Ambitieux – Brillant – Déroutant.
Ambitieux
Valentine Ihmof est probablement la plus américaine des auteures françaises. Rien d'étonnant donc qu'après deux polars dont le souvenir me hante encore, elle ait choisi dans
le Blues des phalènes de s'attaquer à un pan sombre et méconnu de l'histoire US.
À travers les destins croisés de ses 4 personnages – Pekka, Arthur, Milton et Nathan – Imhof raconte la Grande Dépression vue par ceux qui la subirent plus qu'ils ne la traversèrent, bâtisseurs laborieux, exploités et oubliés, face B du rêve américain. Des personnages ayant en commun la rupture franche avec leur passé, leur famille, leurs espoirs et leurs illusions. Mais aussi le poids d'un meurtre…
Des personnages qui vont un temps se croiser à Halifax en Nouvelle-Écosse, port stratégique d'envergure mondiale meurtri par l'explosion générée par la collision de deux navires, dont le funèbre bilan ne sera surplanté que par Little Boy des années plus tard.
En près de 500 pages, Imhof travaille son sujet sous tous les angles pour rendre la copie la plus fidèle de ces années 30 de bascule, entre fuite incessante et répit de quelques mois de boulot pour quelques cents par jour ; entre promesse des bénéfices du progrès annoncé et luttes sociales pour ne pas les attendre trop longtemps ; entre relents tentateurs du fascisme européen en cours d'installation et chasse aux communistes devenus symboles à abattre.

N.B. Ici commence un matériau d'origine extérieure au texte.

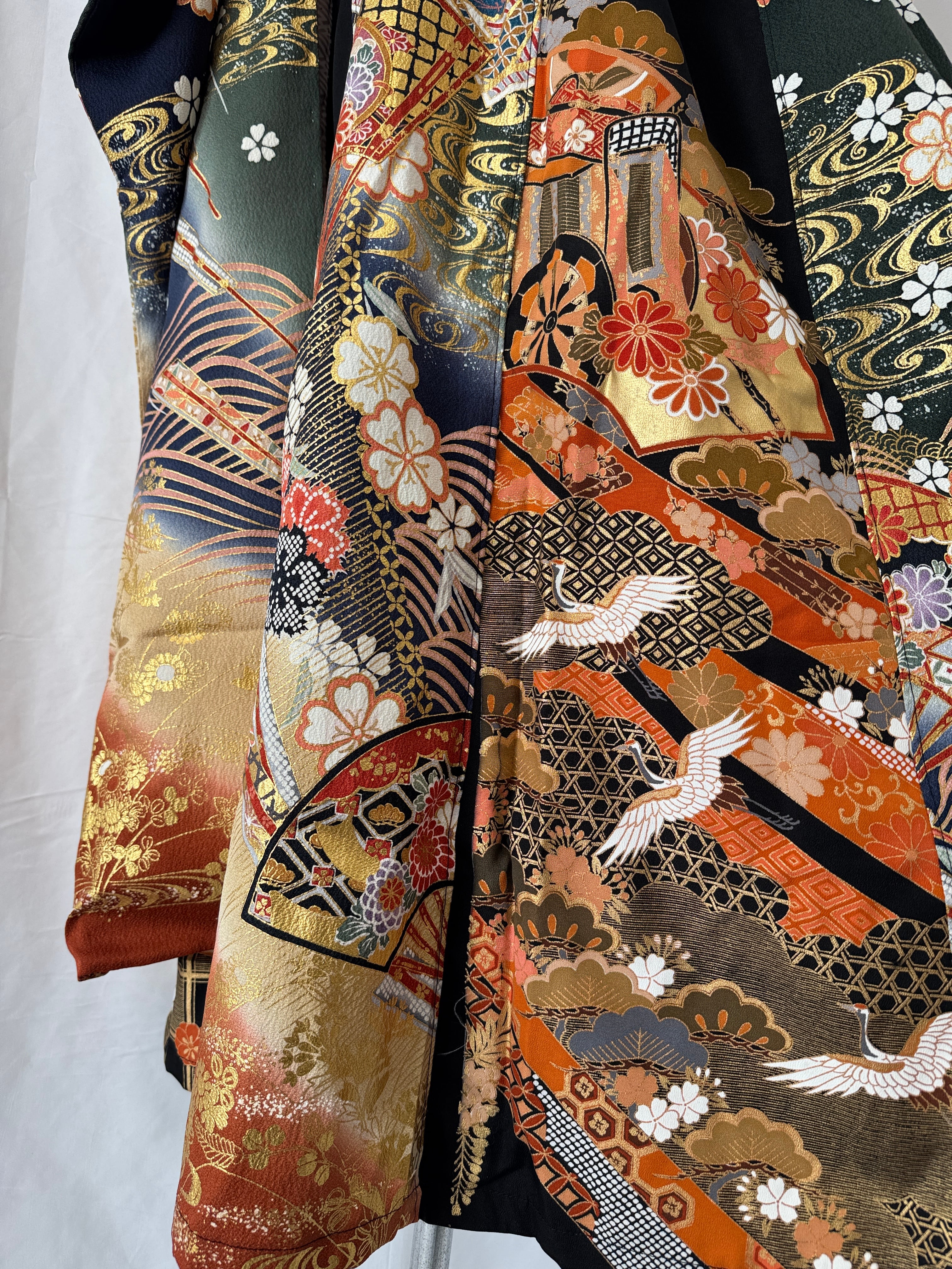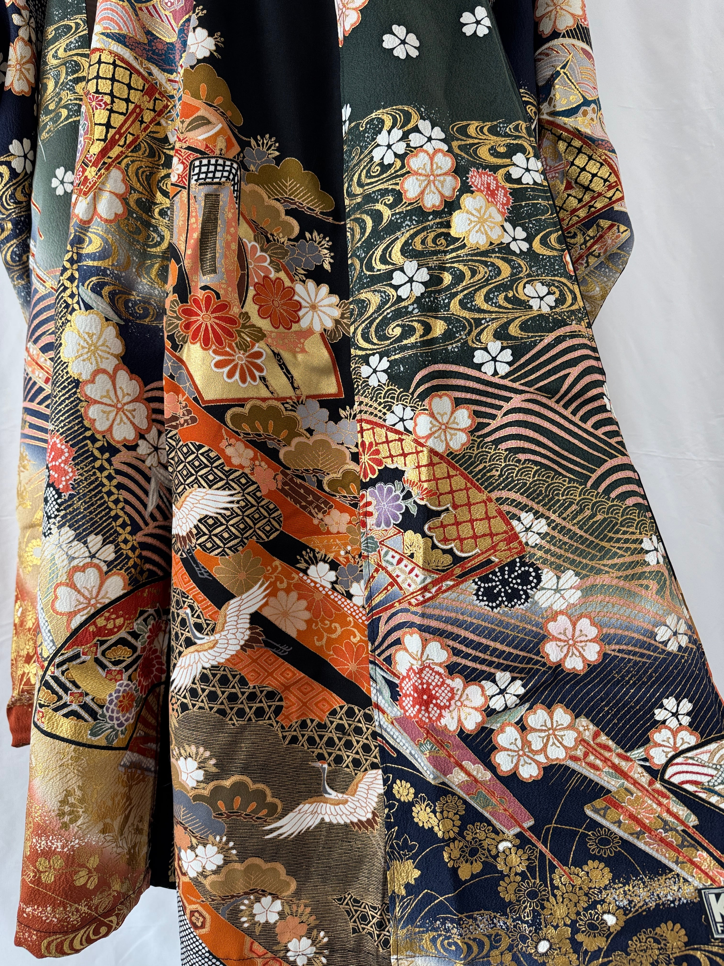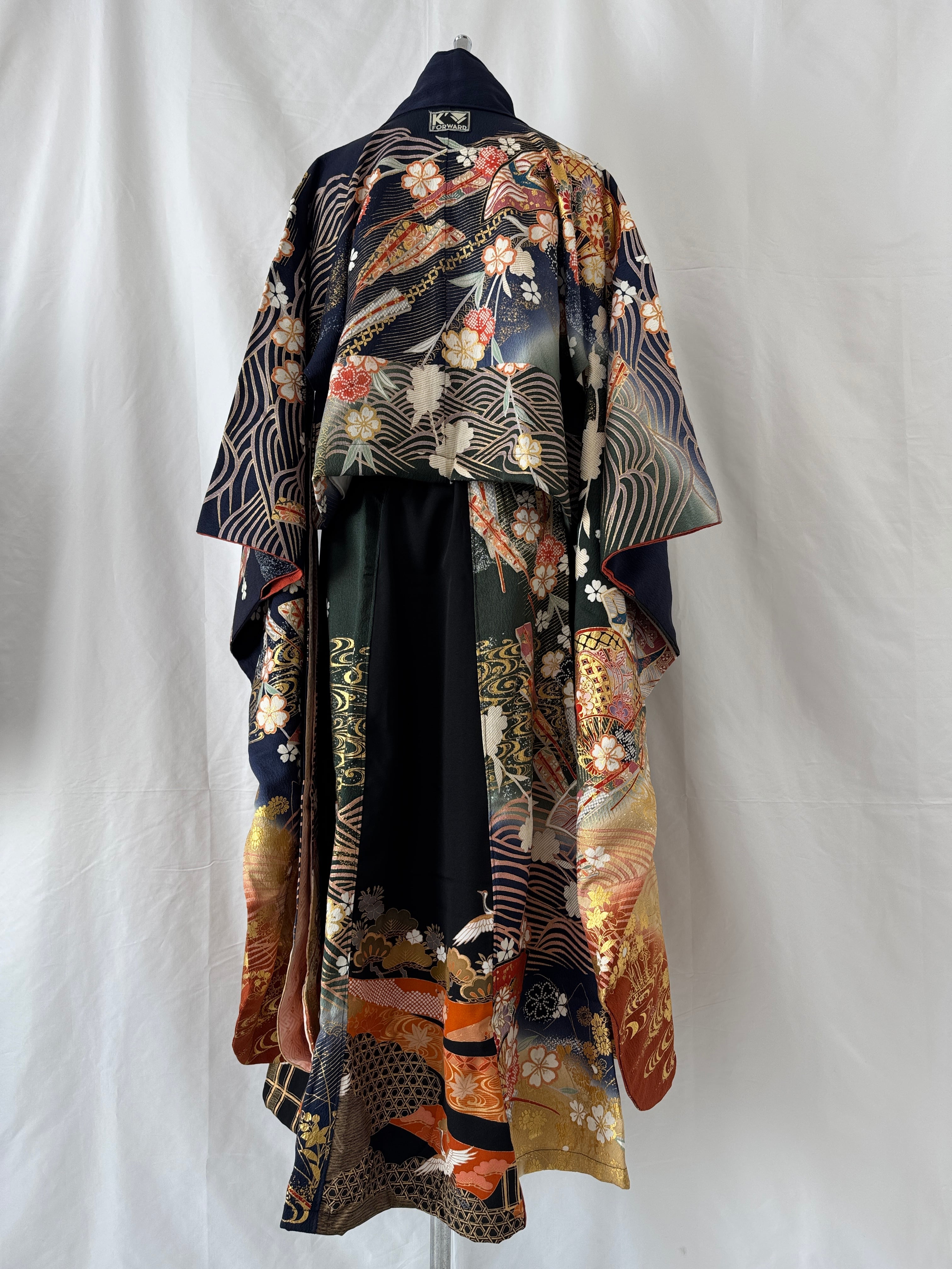 スカートは、2着の着物の裾部分を贅沢に組み合わせて制作することで、柄のつながりを活かしつつ、美しいフレアシルエットが実現しています。

Engagements dans les guerres du Commonwealth et de l'Europe, grande explosion, exposition universelle de Chicago, sculptures des Black Hills Moutains, prohibition, bataille de Washington, Bloody Thursday de San Francisco… La grande histoire, parfaitement documentée, se revisite, racontée par ceux qui la vécurent.
Et au-delà, la petite histoire d'une société américaine en attente du rebond, qui n'a de cesse que d'«agiter le fanal fumeux d'un espoir illusoire pour que d'autres phalènes viennent s'y brûler ». Ambitieux, très ambitieux.
Brillant
Valentine Imhoff devait certainement aimer les puzzles, assemblage de pièces diversifiées où seul l'ensemble final finit par faire sens. La construction du Blues des phalènes en témoigne, intelligente et brillante.
Elle travaille jusqu'à l'os chacun de ses personnages, dans une étude à 360° sans logique temporelle, où leurs propres pensées en dévoilent davantage que leurs actes, réussissant peu à peu à déployer une empathie du lecteur pas forcément acquise au début.
Milton qui a fui sa famille pour la guerre puis la vie solitaire et ne trouve l'apaisement que dans la peinture et le désert ; Pekka, Joséphine, Jane… aux multiples vies pour autant de changements de noms ; Arthur, tentant d'expier son passé sanglant dans la révolte et la lutte sociale ; et Nathan, Iowa Kid qui retrouve dans la communauté des bannis, le père qu'il n'a pas eu et l'espoir d'un avenir différent.
L'ensemble est porté, comme toujours chez Imhof, par un style évolutif au fil du livre : factuel dans le récit historique ; violent et cash dans les chapitres les plus sombres ; effrayant quand elle décrit Ragetown et les cloaques ouvriers ; délicieusement poétique et inspiré dès que la bride est lâchée.
« Parce que les hommes auront beau s'échiner à bricoler, calculer, cultiver, combiner, fabriquer, tant qu'ils peuvent, la nature aura toujours le dessus. Ils creusent des tunnels, elle sculpte des canyons. Ils construisent des immeubles, elle érige des montagnes. Ils créent des lacs et des canaux, quand elle a enfanté les fleuves et les mers ». Brillant, très brillant.
Déroutant
Alors forcément, la contrepartie de cette ambition et de cette construction brillante est un livre qui pourra parfois sembler déroutant dans certains de ses passages.
Se fiant de la ligne du temps et de la chronologie, Imhof balade son lecteur entre les époques, au coeur d'un même paragraphe parfois, le plongeant volontairement dans une sorte de tournis temporel nécessitant quelques efforts. Amateur de pageturners, passez votre chemin.
La multiplicité des thèmes abordés et la variation de place et d'importance qui leur est donnée (notamment à la fin), interpelle, amenant le lecteur là où il ne s'y attendait pas, dans une progression originale mais inattendue du livre.
Le Blues des phalènes ravira celles et ceux qui sauront lâcher prise et prendre la main de l'auteure pour se laisser embarquer dans son ambition, ce qui fut mon cas. Avec à la fin la certitude que je relirai ce livre un jour pour en saisir toute la richesse.